Мы проехали уже пол-Тодд-стрит, как вдруг Аркадий притормозил, нырнул в книжный магазин «Пустыня» и вскоре вышел, держа в руках пингвиновское издание «Метаморфоз» Овидия.
— Это тебе подарок, — сказал он. — Будет что читать в дороге.
Мы выехали на окраину города, мимо пабов «Bed Shed» и «Territory Wrecking», и остановились возле лавки мясника-ливанца, чтобы купить мяса. Когда мы вошли, сын мясника поднял голову, а потом продолжил точить нож. В течение следующих десяти минут мы до отказа забивали наши «эски» кусками мяса и сосисками.
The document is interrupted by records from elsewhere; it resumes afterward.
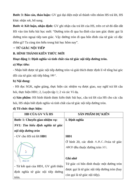 Giáo án Tứ giác nội tiếp đường tròn Toán 9 Cánh diều
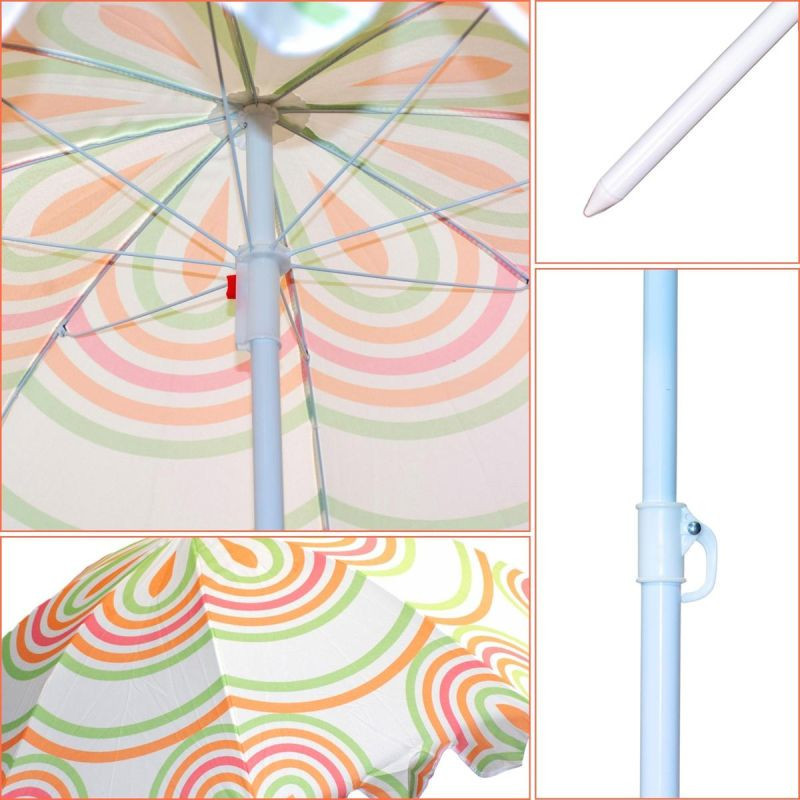 Ten wielokolorowy parasol 140 cm z czaszą 160 cm i filtrem UV UPF 30+ to Twoja osobista strefa chilloutu.
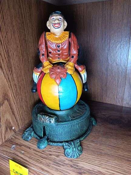 LOT CA38 - Cast Iron Clown on Ball Coin Bank
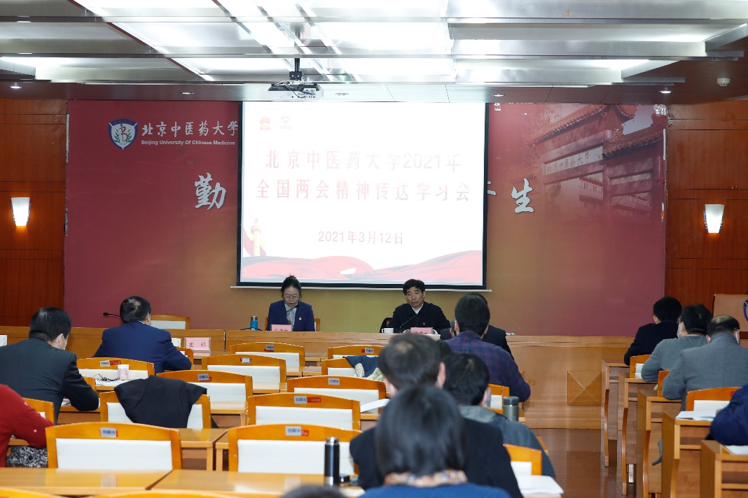 徐安龍校長重點傳達了習近平總書記在看望參加政協會議的醫藥衛生界教育界委員時的重要講話精神。他指出,總書記的重要講話高屋建瓴、全面深刻,充分說明了國家對醫務工作者和教育工作者的高度重視和肯定,為指導醫藥衛生事業與教育事業發展提供了重要遵循和科學指南。他強調,要深入學習貫徹總書記重要講話精神,全面貫徹黨的教育方針,堅持社會主義辦學方向,堅持扎根中國大地辦大學,培養德智體美勞全面發展的社會主義建設者和接班人。他要求學校及各附屬醫院要按照總書記的講話精神,對標對表,聚焦影響人民健康的重大疾病和主要問題,繼續為人民提供全方位全周期健康服務。要求廣大師生和干部職工要牢記總書記的信任與囑托,在醫藥衛生和教育領域持續發力,敢于擔當、勇于作為,發揮我校中醫藥特色優勢,肩負起推進中醫藥事業傳承精華、守正創新的責任,科學地講好中醫藥故事,努力構建具有中國特色、中醫藥特色的學科體系,把中醫藥這一中國古代科學的瑰寶,更好地展示給世界、展示給人民,為健康中國和構建人類命運共同體貢獻北中醫智慧和力量。

— Гостинец для моих стариков, — сказал Аркадий.
— Да это же чертова прорва!
— Погоди, — ответил он. — Вот увидишь: они целую корову могут на ужин слопать.
Купили мы мяса и для одного старого «буши» по имени Хэнлон, который жил бобылем за глен-армондским пабом.
Мы поехали дальше, мимо поворота на телеграфную станцию в Олд-Алис, и наконец оказались среди голой, поросшей низким кустарником равнины Бёрт-Плейн.
Дорога представляла собой прямую ленту асфальта, а по обе стороны от нее тянулись полоски рыжей грязи, в которой росли дыни-падди. Дыни эти были размером с крикетные мячи. В Австралию их привезли афганцы — на корм своим верблюдам. Иногда Аркадию приходилось сворачивать в дынные посадки, чтобы уступить дорогу автомобильному поезду, мчавшемуся на юг. У этих поездов было по три трейлера. Они не снижали скорости, а выскакивали прямо из знойно-миражной дали и нахально лихачили прямо посреди шоссе.
Каждые несколько километров мы проезжали мимо ворот скотоводческой станции или мимо насоса с ветряным двигателем, вокруг которого паслась скотина. Нам попадалось много дохлых животных, валявшихся копытами вверх: вздутые от газа трупы клевало воронье. Дожди запоздали на два месяца.